نسخه متنی -صفحه : 207/ 112

14.3. Indexing Web Pages

Lucene is useful for searching through many kinds of documents in addition to flat files stored on local disks. One particularly important example is searching Web pages, and a tool for indexing such pages will be developed in this section. Although this tool poses no threat to companies like Google, it is nonetheless useful for indexing a small to medium-sized intranet or Web site.

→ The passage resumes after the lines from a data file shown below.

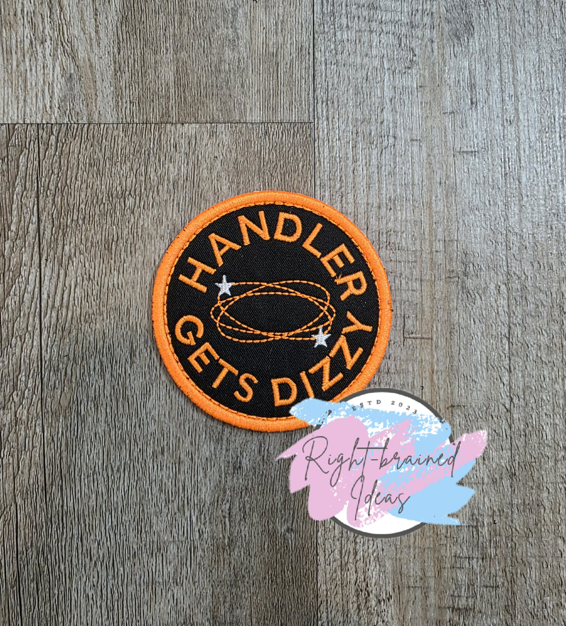 (1) 3.5in black twill circular patch: "Handler Gets Dizzy" in neon orange curved around a dizzy symbol with green lines and white stars.
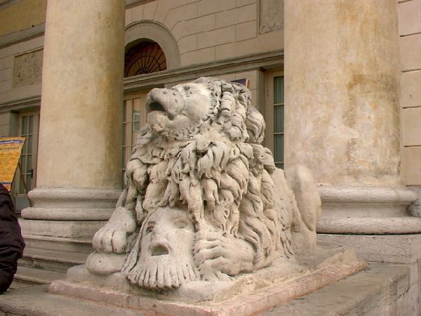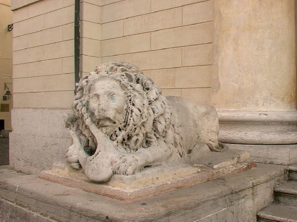 Di stile neoclassico, la facciata presenta quattro poderose colonne corinzie; alla base è situata la comoda e breve gradinata affiancata da due blocchi in pietra sormontati da due leoni scolpiti da Pietro Zandomeneghi figlio, i quali secondo il Miari rappresentano
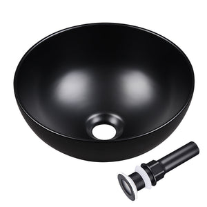 Aquaterior Black Sink Bowl Bathroom Vessel Sink with Drain 12"
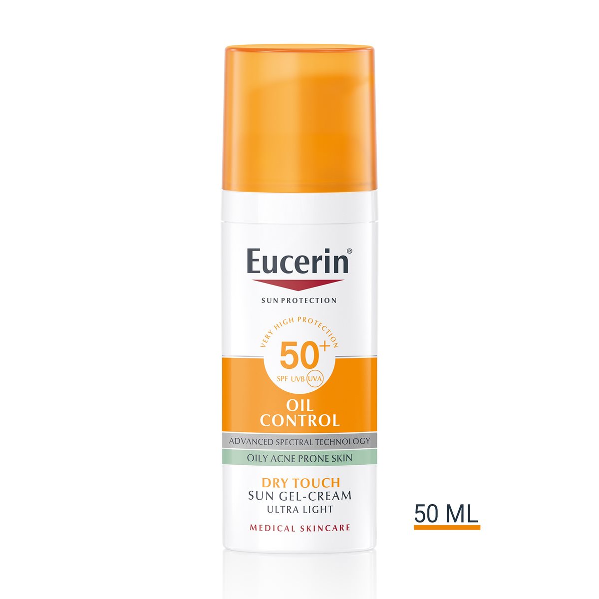 Eucerin Sun Oil Control gel-krema za zaštitu kože lica od sunca SPF 50+ je svakodnevna krema za zaštitu od sunca za lice za masnu kožu i kožu sklonu aknama. Napredna spektralna tehnologija kombinira širokopojasne i fotostabilne UVA/UVB filtere1 za visoku UV zaštitu s likokalkonom A za neutralizaciju slobodnih radikala uzrokovanih UV i HEVIS svjetlošću. Formula također sadrži gliceretiničnu kiselinu, koja podupire vlastiti mehanizam obnove DNK kože. Tehnologija kontrole mašćenja i reguliranje sebuma s L-karnitinom i upijajućim mikro česticama pruža koži trenutačni učinak suh na dodir i dugotrajan učinak protiv sjaja do 12 sati.
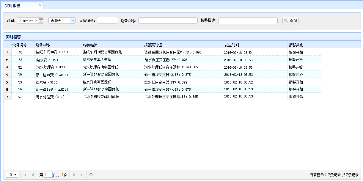 企業用戶、節能服務公司查看報警信息模塊,主要包括設備實時、歷史報警和能耗告警。

The first step in developing an index application is the Analyzer. In particular, the first consideration should be whether the StandardAnalyzer meets the needs of the project. In this case the answer is "no" because the Web index should omit tags and attributes. This means a custom Analyzer and custom TokenStream will be needed.

The analyzer is straightforward and is shown in Listing 14.4.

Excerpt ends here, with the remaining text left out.